In Western countries, the legal system is relatively sound, so control of the arbitrage but the means are relatively hidden, mainly for high pay and job consumption, a relatively limited impact on company performance. Of state-owned enterprises, the owner of the virtual bit external governance is weak, unable to effective supervision and control over the situation, the control over the proliferation of arbitrage, the control right arbitrage that exists in reality is also the root of China's state-owned enterprises MBO management buyout failed.
Control of the arbitrage is rooted in the natural defects of modern corporate governance, is a widespread phenomenon. Therefore, to prevent arbitrage more dependent on corporate external governance mechanisms, such as the legal system, property rights trading system, information disclosure system, the state-owned assets management system, these systems are still weak in the reform of China's state-owned enterprises and urgent sound. We must be fully considered in the design of the equity incentive plan to make the incentive benefits are greater than the control of the arbitrage income, increased supervision, so as to have a positive role in the development of enterprises.

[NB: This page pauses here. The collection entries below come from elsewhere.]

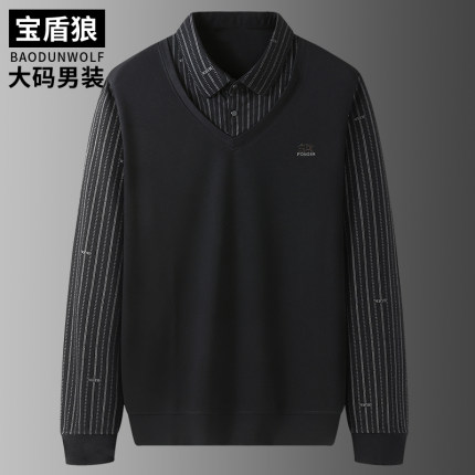 加大码男装春秋假二件长袖体恤衫特大号肥佬宽松中老年长袖打底衫
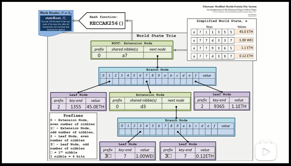 而以太坊中用到的是修改过的压缩前缀树(Modified MPT):
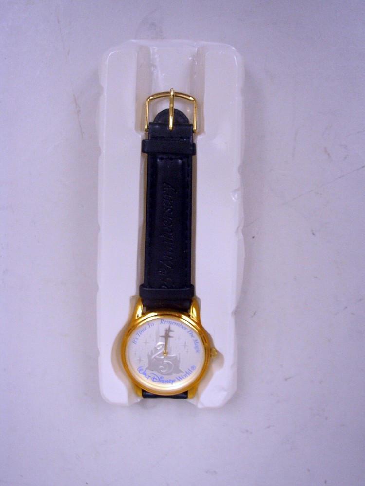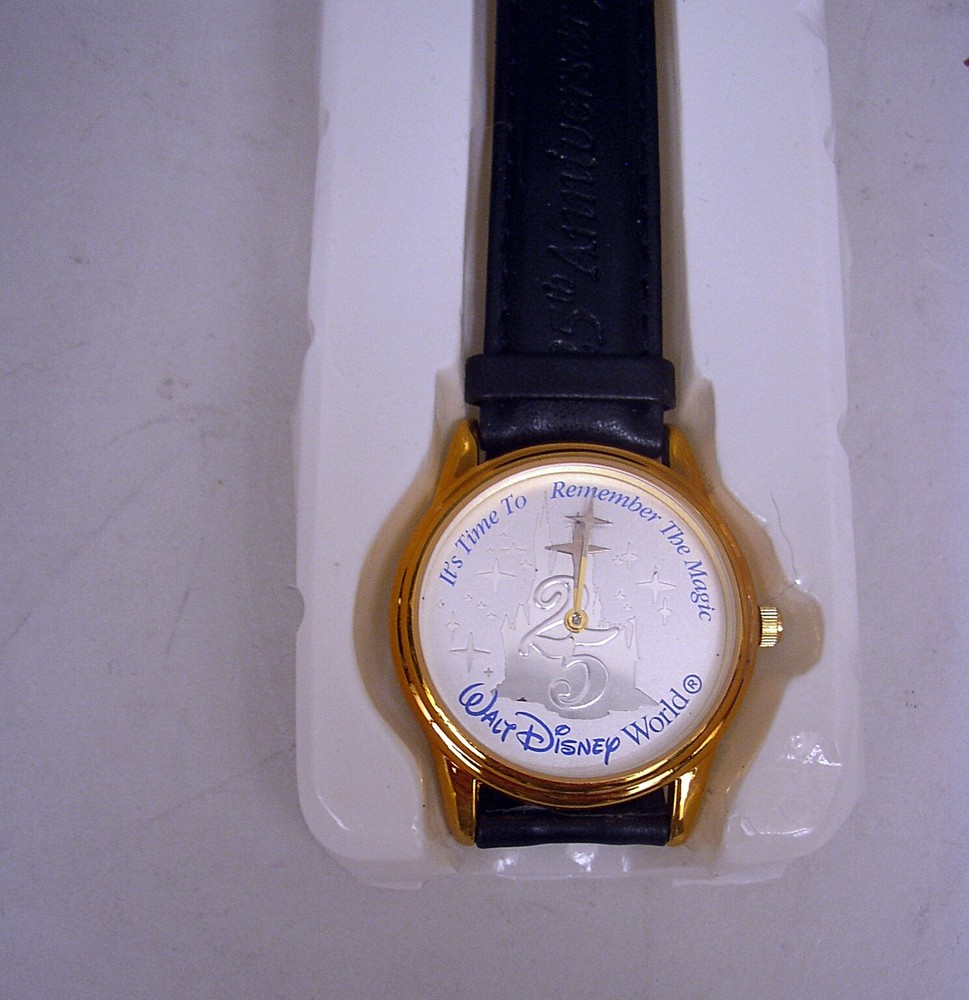 Welcome To My Dolly Dearest on eBay.....an experience in collecting! 1997 Disney 25th Anniversary Watch by Eastman Kodak Disney 25th Anniversary Watch designed and manufactured by Eastman Kodak in 1997. The dial is silver and features Cinderella's castle with 25 in the center. Around the perimeter of the dial is says "Walt Disney World" & "It's Time To Remember The Magic" and "Walt Disney World®". The watch has a black leather band that is imprinted on the band "25th Anniversary" and "Walt Disney World". There is a star on the end of each hand. It comes packed in it's original box (shows storage wear and crushing but has protected the watch), still in the original liner, and has never been used. It will need a new battery and band. Being sold "AS IS". PLEASE NOTE: Due to the age of the watch, where the band connects to the watch has disintegrated. The band will need to be repaired. * * * * * * * * * * * * Shipping for this item is $7.50 in the lower 48 states and includes tracking Additional Shipping Charge To Alaska & Hawaii * * *PLEASE NOTE: * * * Due to the alarming high rate of non-paying bidders, payment is required immediately after purchase. Every item is described in detail and each item is sold "as is" with no implied or inferred warranties or claims. Many items sold are vintage, used, or old store stock and may not be perfect. It may not be known if items are smoke or pet free and do our best to point out any defects or flaws. If something is not in the picture, do not assume it is included unless stated in the description. If in doubt, please send us a message through ebay's "contact seller" link. eBay is powered by feedback and we are very proud of our 100% positive feedback rating. In the event you are not completely satisfied with your purchase, please contact us DIRECTLY before opening a case with eBay or leaving negative or neutral feedback. We will do our best to make this a good experience for you on eBay.

(B) the senior management of state-owned enterprises is the premise of the appointment system for equity incentive inconsistent
Western countries share incentive premise is to have the best manager market, executives from the company's manager market performance competitive selection out of professional managers pursue economic incentives, rather than the other incentives goals. At present, most of the senior management of China's state-owned enterprises is appointed by the higher authorities of the far form based on market supply and demand for the mature market of professional managers, such differences will bring equity incentive effect of the deviation.
First, the state-owned enterprise executives appointed by the government, and administrative and government officials enjoy the same treatment, their income and enjoy the treatment is determined by its administrative level, which will lead to the listed company management incentive target shift economic goals and not a listed company management is the most important incentive goals, political goals - posts to become the most important goal. Secondly, as a listed company management personnel of the government officials, the wage income is just part of their total income and enjoy the treatment, gray income and benefits accounted for the majority of their total income, therefore, wages, and capital gains generated by the shares held by economic incentives, the effect is not as pronounced as in Western countries, which in turn lead to reduce the incentive effects of the economic goals.